We start by declaring the type (which isn't terribly dissimilar from a forward declaration in C)
The type has two parts:
- We take one argument that has a type String
- We return an IO () [see below]
After the type, we write out the actual implementation of the function
Just as in Rust, Haskell is immutable by default. When we say we pass in a String, we're also implying that this string can't be changed or deleted.

Also similar to Rust, in Haskell there are no exceptions, so you must handle all possible values when you call the function. By saying IO (), this might at first seem similar to the Result<()>. In some sense, it is, in that IO carries along any possible errors.

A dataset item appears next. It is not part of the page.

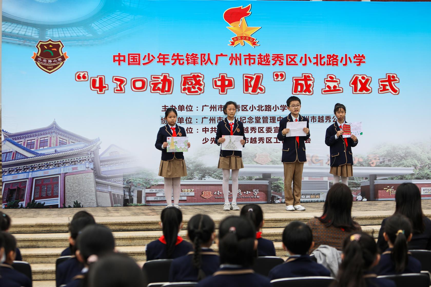 成立仪式在雄壮的鼓号声中拉开了帷幕。小北路小学和中山纪念堂、越秀公园携手共建少先队小北路小学“430动感中队”,旨在通过以“红色小讲解员”“越秀山小代言人”“中草药文化小传承者”的身份传承红色基因,延续历史文脉、坚定文化自信、推动文明交流互鉴。

It also goes a bit further. In essence, it says: "I'm going to go change the world, and when I come back you need to carry that truth on." In Haskell, if you call a function that performs I/O like our writeToFile function, you must also carry on that fact in your own return type. You have to be fully transparent all the way through the call stack of who is changing the world, even indirectly. This lets you clearly document who is modifying the world and who isn't.

Dark side of transparency

But, it can't be all roses, right? Let's look at what I see as the dark side of transparency: encapsulation (or its lack thereof).

As good software engineers, we know an important piece of building a system is having good encapsulation. Any module or object worth its weight exposes only necessary functionality to the world and hides the rest. This encourages loose coupling, so that components don't depend on each others' implementation details.

In a way, transparency in the type runs counter to information hiding in that it encourages more coupling in the code. Some of this is natural. For example, in the C code, we have to remember what the return values are. If we add a new one, we may have to change the code handling the call as well. Likewise, in Python, if we change the types of parameters we allow, we may have to go update the callers.

On the other hand, knowing that a function may fail may be sufficient. In the Rust case, code that handles the call may need to be updated if you change how the function fails, even if it only cares about if it fails.

Likewise, in Haskell you may want to drop some probe into your system to catch the result of a function while you're debugging. Such changes can have a ripple effect in your codebase as this probe may change a series of function calls to reflect that I/O has been performed. (Not withstanding workarounds with fun names like unsafePerformIO)

All a balance

Types are there to help. Leaning on them not enough means encoding more information in your tests and code comments. Leaning on them too much may mean tightly coupling parts of your system. What the right balance is may change from project to project, or developer to developer.

Just as in our relationships with other people, it makes sense to not tell everyone we meet everything about us. It's a balance. Finding the right amount of transparency that encourages flexible, resilient systems is an art.

In the last few weeks, in playing with Rust more I've grown to appreciate its pragmatic set of trade-offs. Yes, you don't get to know if the system was changed, but if something can impact the rest of the program, you're encouraged to handle it. Not that there aren't workarounds or ways to easily opt-out, but just as in life, it's all a balance.